The problem is to find remainder of $7^{7^{7}}$ divided by $32$ the quickest way.
My attempt:
$32 = 8.4$
Mod 8: $7^{7^{7}}\equiv(-1)^{7^{7}}\equiv-1$
Mod 4: $7^{7^{7}}\equiv(-1)^{7^{7}}\equiv-1$
Hence in mod $32$: $7^{7^{7}}\equiv(-1)$ mod $8.(-1)$mod$ 4 (?) \equiv 7.3\equiv21 $
I am quite worried about the last step.
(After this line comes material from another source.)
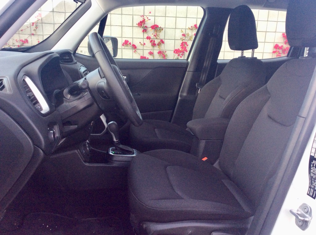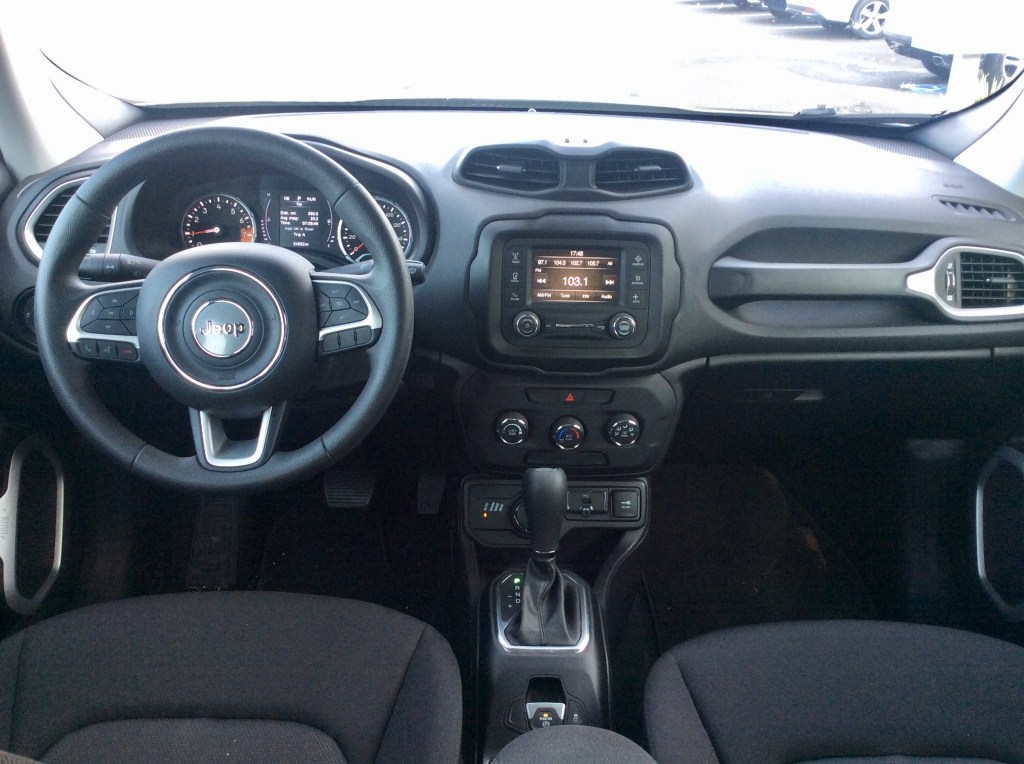 Prices on the Renegade start at $18,445. The MSRP’s are tempting, but these are lightly optioned cars that have a manual transmission and no air conditioning. However, standard equipment still includes: 16-inch steel wheels, manually adjustable mirrors, remote locking and unlocking, push-button ignition, power windows and locks, a rearview camera, a height-adjustable driver seat, a fold-flat front passenger seat, a 60/40-split folding rear seat, cloth upholstery, a removable cargo floor panel, a tilt-and-telescoping steering wheel, a driver information display, Bluetooth, a 5-inch touchscreen, and a six-speaker sound system with a USB port. We included the $1,495 Power and Air Group that adds such delicious goodies as air conditioning, cruise control, and heated, power side mirrors. Going for the automatic transmission is free, but must include the 2.4 litre engine, an added $1,330. Once destination charge was added, our alpine white Renegade had a sticker price of $24,215.

I can't justify it.
Is there a theorem related to (?) or
Is there a better and correct way to do this ?
On
Fact: $a^{2^{k-2}}\equiv 1\pmod{2^k}$ for all $k\ge 3$, odd $a$.
Proof: We use induction. $a^2\equiv 1\pmod{8}$ for all odd $a$.
If $a^{2^{m-2}}\equiv 1\pmod{2^m}$, we want to prove $a^{2^{m-1}}\equiv 1\pmod{2^{m+1}}$.
I.e. if $a^{2^{m-2}}=2^mk+1$, we want to prove $\left(2^mk+1\right)^2\equiv 1\pmod{2^{m+1}}$.
$$\left(2^mk+1\right)^2\equiv 2^{2m}k+2^{m+1}k+1\equiv 1\pmod{2^{m+1}}$$
So $7^{8}\equiv 1\pmod{32}$. Then $$7^{7^7}\equiv 7^{7^7\pmod{8}}\equiv 7^{(-1)^7}\equiv 7^{-1}\pmod{32}$$
$$\equiv \frac{1}{7}\equiv \frac{5}{7\cdot 5}\equiv \frac{5}{3}\equiv \frac{-27}{3}\equiv -9\equiv 23\pmod{32}$$
You are correct that $7^{4}-1 = 48 \times 50 \equiv 0$ (mod $32$). Now $7^{7} \equiv (-1)^{7} \equiv -1$ (mod $4$). Hence $7^{7^{7}} \equiv 7^{-1}$ (mod $32$). Now we have seen that $7^{4} \equiv 1$ (mod $32$), so that $7^{-1} \equiv 7^{3}$ (mod $32$). But $7^{2} = 49 \equiv 17$ (mod $32$), and $7^{3} \equiv 7 \times 17 \equiv 119 \equiv 23 \equiv -9$ (mod $32$).